After a record-setting 2019 season that saw larger crowds than ever attending games from Hokkaido to Okinawa, the J. League is committed to keeping both its fans and players safe.

Following a similar request to reporters covering last weekend’s Super Cup at Saitama Stadium, media attending Friday’s J. League Kickoff Conference were urged to wear masks as they spoke to players and managers about the upcoming first-division season.

“We’ve shared the package we used at last week’s Super Cup with all of our clubs,” J. League Chairman Mitsuru Murai told The Japan Times.

“We installed disinfectant stations in all bathrooms and entrances, gave staff masks to wear, and instead of one doctor and three nurses we had two doctors and seven nurses ready to treat anyone who felt ill. Just like today, we’re doing what we can to prevent (COVID-19) from spreading.”

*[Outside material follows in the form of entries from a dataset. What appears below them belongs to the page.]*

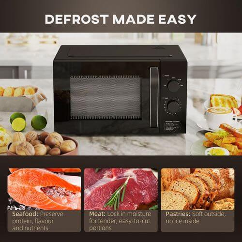 ● 800W power and 360° rotating turntable enable quick and even cooking results
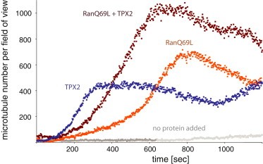 Figure 2. Quantifying the Effect of RanQ69L and TPX2 on Microtubule NucleationThe number of GFP-EB1 spots is counted for each time frame and experimental condition and plotted against time. Because each microtubule, even when branched, is marked by a single EB1 spot at its growing plus tip, counting the number of EB1 spots directly corresponds to the number of microtubules per frame and field of view (82.2 à 82.2 μm). Data are from a control extract in which only vanadate was added or experiments in which further additions of RanQ69L, TPX2, or RanQ69L plus TPX2 were made. |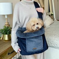 На внешней части слинга расположен карман для вкусняшек и личных вещей. Благодаря ручке "через плечо" вы не будете ощущать вес собаки, так как нагрузка будет распределяться на вашу спину равномерно.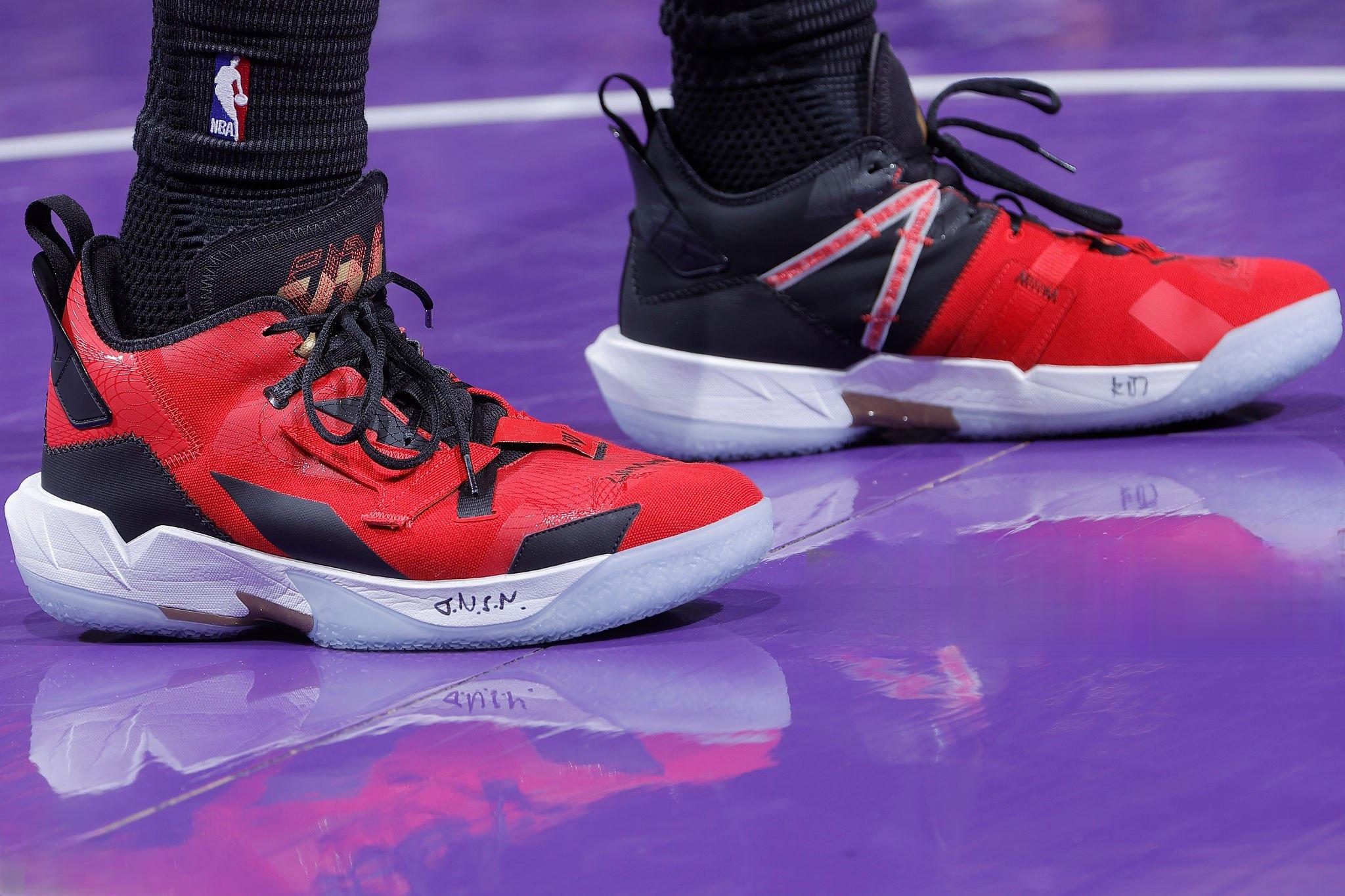 威斯布鲁克穿着WhyNot4,得到22分2篮板7助攻2抢断1盖帽

Murai said the J. League is considering a plan to distribute several million masks to its 56 clubs, but clubs will not distribute health questionnaires as South Korean clubs hosting Asian Champions League matches did earlier this week.

“We’re coordinating with hospitals to transport anyone who falls ill, but we can’t inspect tens of thousands of fans (at each game),” Murai said. “We’re sharing information with relevant government agencies and the league is prepared to cooperate with any instructions we’re given.”

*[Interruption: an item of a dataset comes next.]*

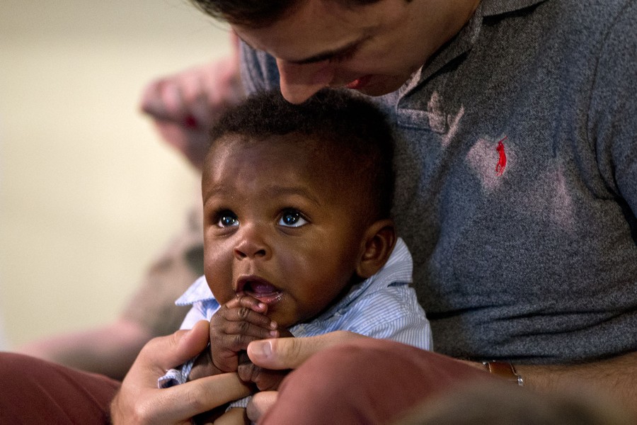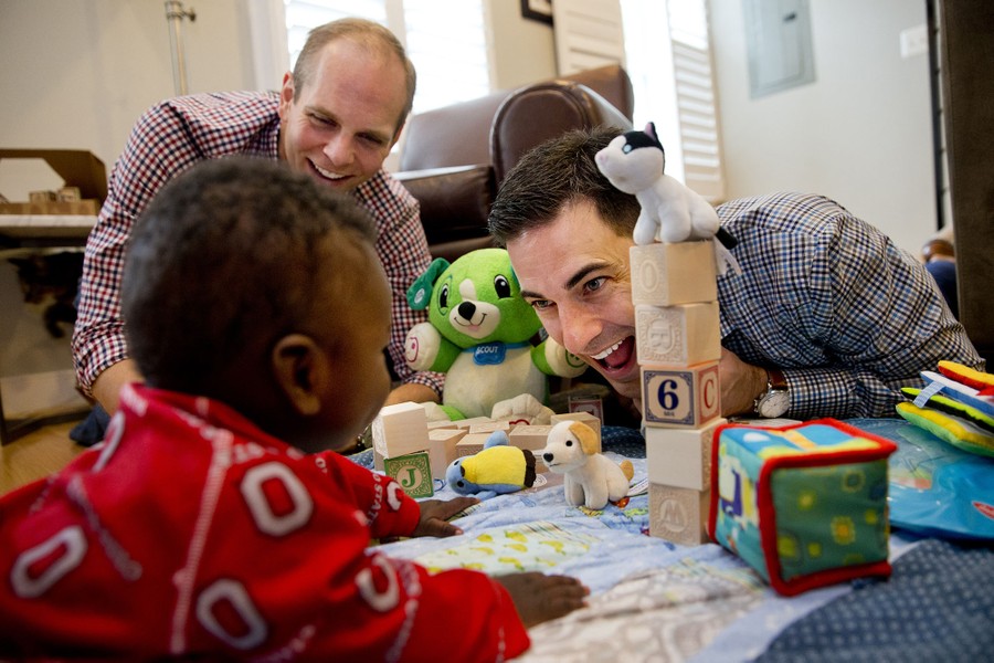 Read moreGregg Pitts, left, and Brooks Brunson play with their son, Thomas Brunson-Pitts, 6 months, during "tummy time" before heading to work, while in their home in Washington, on May 19, 2016. The child's birth mother had no problem with a same-sex couple adopting the baby. "We're an interracial same-sex couple family," says Brunson, "But our day-to-day life is picking up dry cleaning, getting to work on time, making sure Thomas has his bottle prepared - we're the most boring people I know. But then when I take a step back I realize we are very unique. But I believe this is exactly where God wants me to be." #

Murai, who last month was re-elected to his fourth and final two-year term as chairman, said that the league would let clubs decide how best to tackle issues such as fan service and player safety during the outbreak.

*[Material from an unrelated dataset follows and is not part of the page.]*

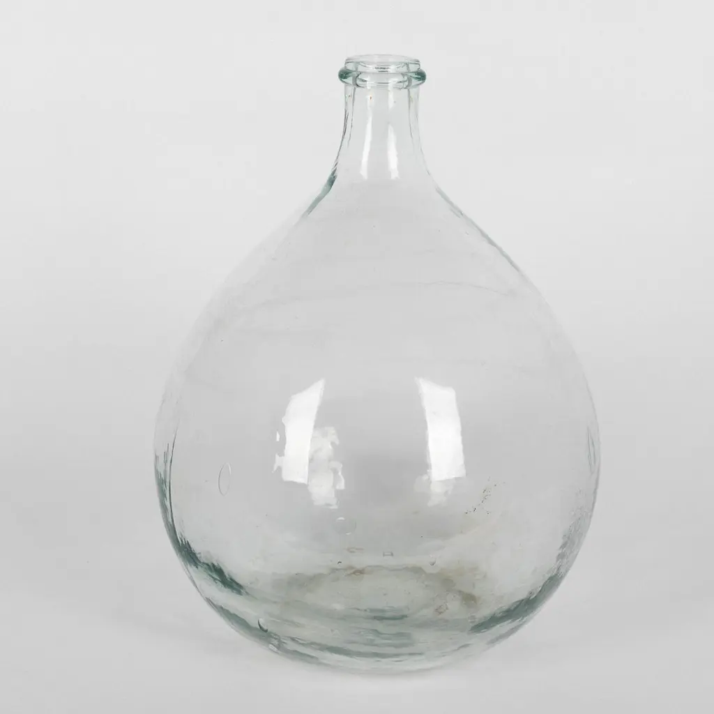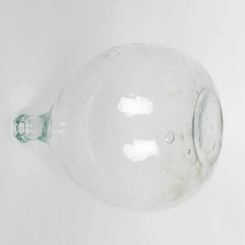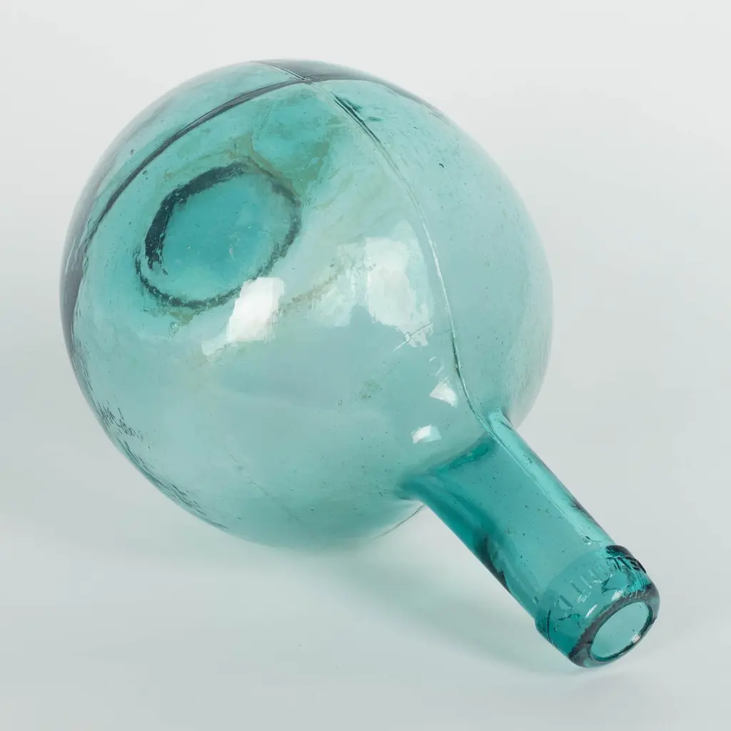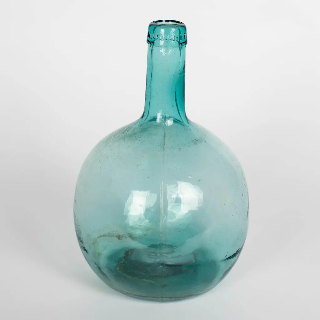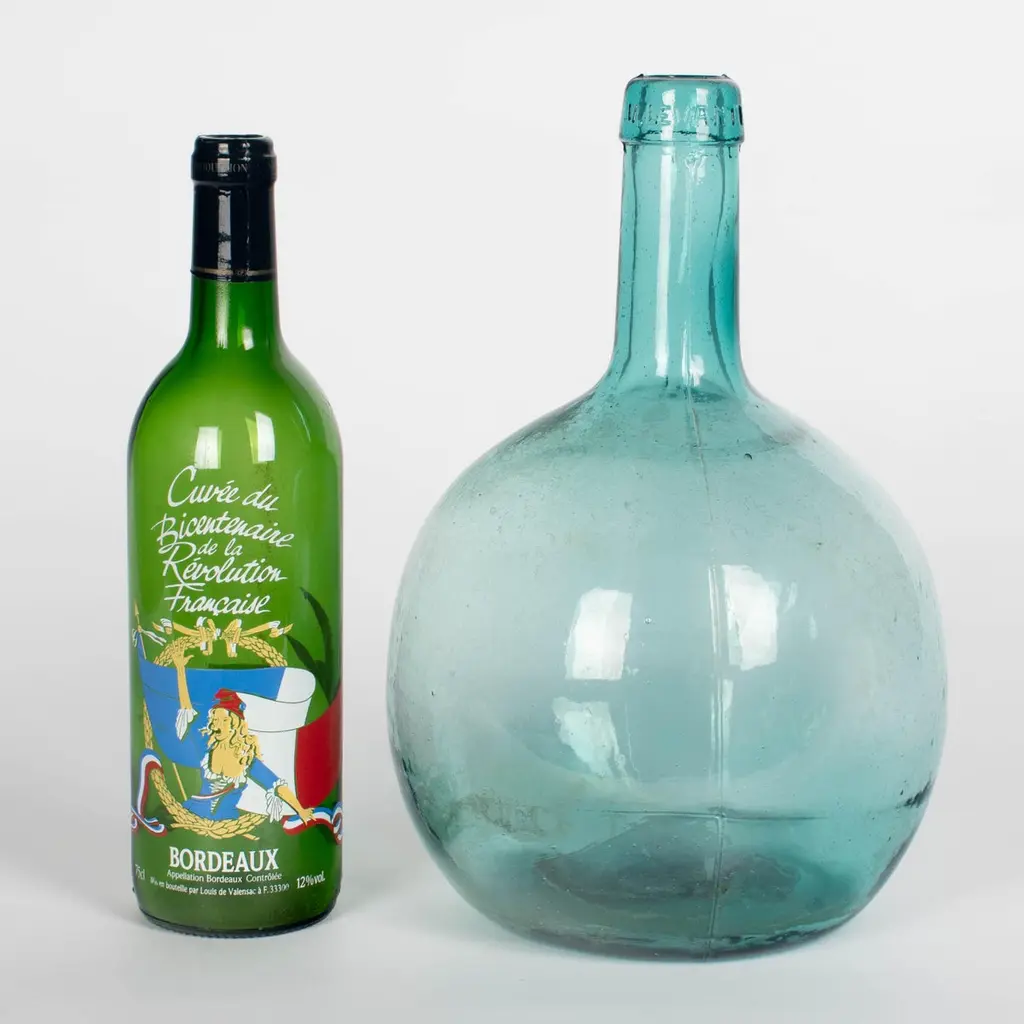 A pair of globular form hand blown glass dame Jeanne, or demijohn bottles. Clear bottle is likely French and the aqua bottle is Spanish, marked V. Levante. Perfect decorative elements for a beach house. Circa 1950sDimensions: Clear: 15"H x 10" Diameter Aqua: 12"H x 7.5" Diameter

“Each club has different circumstances,” Murai said. “You can’t come up with a standard that will cover J1 clubs drawing tens of thousands of fans per game and J3 clubs drawing hundreds or thousands of fans per game.”

During his brief speech during the presentation portion of the event, Murai emphasized that 2020 would be a key year for the league as Japan prepares to host the Tokyo Olympic and Paralympic Games.

“We have national team players, Olympic players and global stars,” Murai told a crowd of several hundred media representatives and other officials.

“Last year I talked about bringing the J. League to the world, but in this Olympic year we want to show not only our quality of play, but our fairness and our safe and enjoyable match-day culture.”

In addition to their managers, J1 clubs were represented by at least one player — many of whom, such as Kawasaki Frontale midfielder Ao Tanaka, Urawa Reds defender Daiki Hashioka and Kashima Antlers striker Ayase Ueda, are eligible to represent Japan at the 2020 Games.

“As a team we want to get the league title back, and that’s our biggest priority,” said Tanaka, who made his senior debut in December’s EAFF E-1 Championship and also appeared in last month’s AFC U-23 Championship in Thailand.

“A lot of players appearing could play in the Olympics,” said J. League vice chairman Hiromi Hara. “I have high hopes for all of them.”

But despite the year being posed as a pivotal one for Japan’s young players, the audience’s biggest reaction was reserved for a handshake between 35-year-old Vissel Kobe captain Andres Iniesta and Kazuyoshi Miura, the legendary Yokohama FC striker who will turn 53 on Feb. 23.

“Our training camp went very well, and we’re in good shape,” said Miura of Yokohama FC, which finished second in last year’s J2 to return to the top flight for the first time since 2007.

“(J1 opening-weekend opponent) Kobe won the Emperor’s Cup (on Jan. 1) and has a lot of momentum. I’m looking forward to playing against them.”